3.5.2. Text File Write#

To write a text file in Python, the file needs to be opened in write mode using the open() function, which in this case will take: the file name and "w" for write mode:

>>> fid = open("filename.txt", "w")

Once the file is open, the .write() method can be used to write content to the file. By passing a string as an argument to the .write() method, the content will be written to the file. Remember, to write multiple lines, the newline character \n can be used as a separator.

>>> fid.write("Hello, world!\n")
>>> fid.write("This is an example file.")

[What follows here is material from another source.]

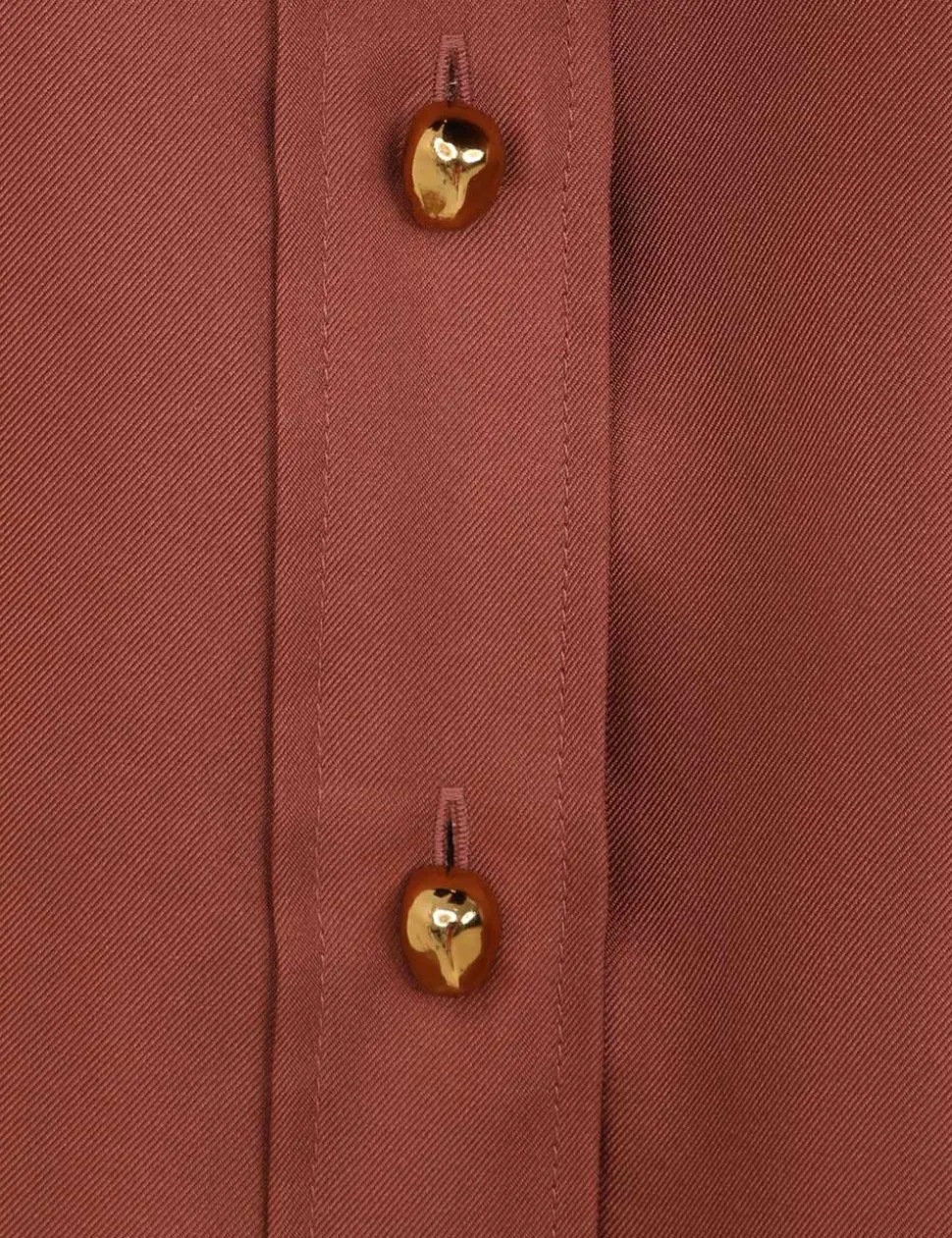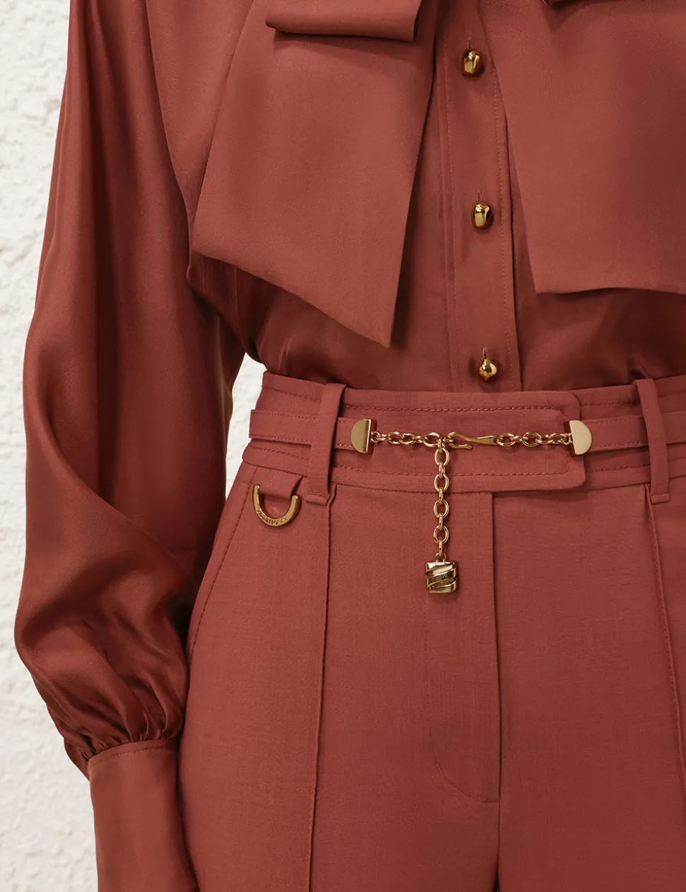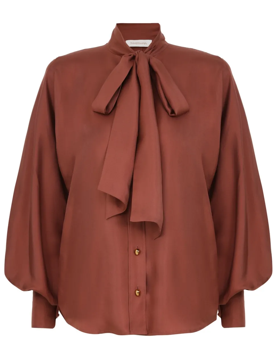 The Illustration Tie Neck Blouse in Lipstick from our Fall 2024 Collection, In Illustration. A silk long sleeve blouse featuring a statement neck tie and buttons down the centre front.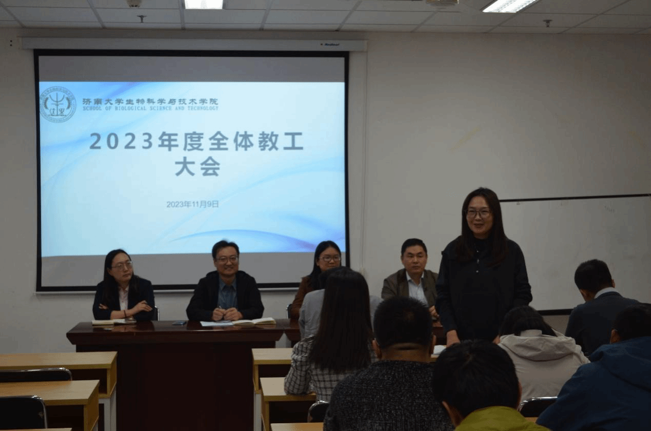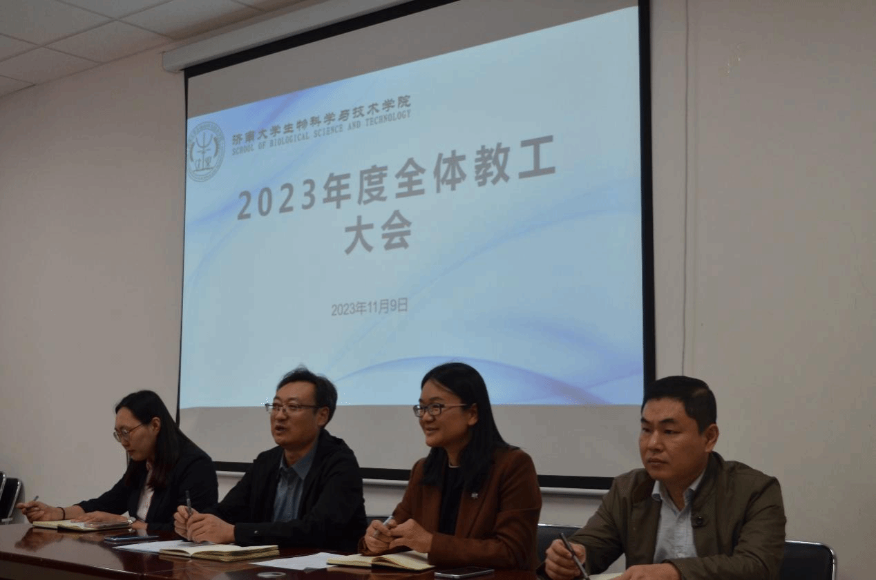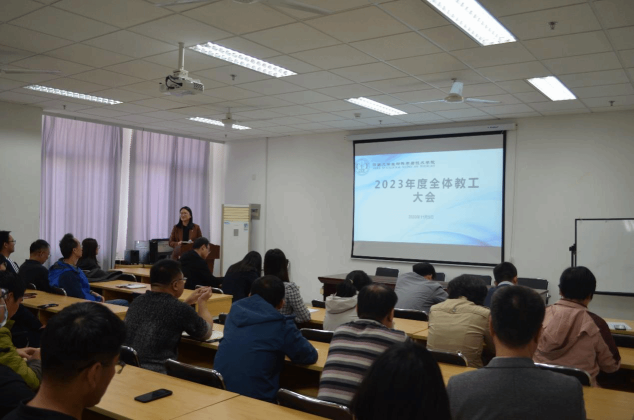 2023年11月9日下午,冰球突破mg正规官网在特教楼B1010教室召开全院教职工大会,学院党委书记史国普,院长秦晓春,党委副书记、副院长武芳,副院长李强以及全院教职工参加。本次会议由史国普主持。

After writing the text to be included in the file, it is important to close the file using the .close() method or use the context manager introduced above. This step ensures that any buffered data is written to the file and frees up system resources.

3.5.3. netCDF File Read#

NetCDF files are commonly used in various scientific domains, including meteorology, climate science, oceanography, atmospheric sciences, and geophysics. They are used to store complex multidimensional data. In Python, you can use libraries such as netCDF4 or xarray, which provide convenient interfaces for reading, writing, and manipulating netCDF data.

To use the netCDF4 library to read files in Python, the first step is to import the library:

>>> import netCDF4 as nc

nc here serves as alias to the netCDF4 library. Remember to ensure that you have the netCDF4 library installed. You can install it using the pip package manager by running pip install netCDF4. The netCDF4 library contains a function called Dataset() which is used to open netCDF files. To open a netCDF file, we pass the file path to Dataset().

>>> filepath = "C:\\Users\\username\\Documents\\Data\\file.nc"
>>> dataset = nc.Dataset(filepath)

The netCDF4 library also has functions that allow you to access the variables and attributes within the file once the NetCDF file is open. The variables attribute provides a dictionary-like object that contains all the variables, and the ncattrs() method returns a list of attributes associated with the NetCDF file. You can use these variables and attributes to retrieve information and data from the NetCDF file:

>>> variables = dataset.variables
>>> attributes = dataset.ncattrs()

Once the data has been retrieved from the variable, you can perform any necessary operations or analysis on it using Python’s array manipulation and data processing libraries such as NumPy, pandas or SciPy.

Similar to working with a text file, it is good practice to close the netCDF file once you have finished reading or modifying its contents. Use the .close() method of the dataset object created above:

>>> dataset.close()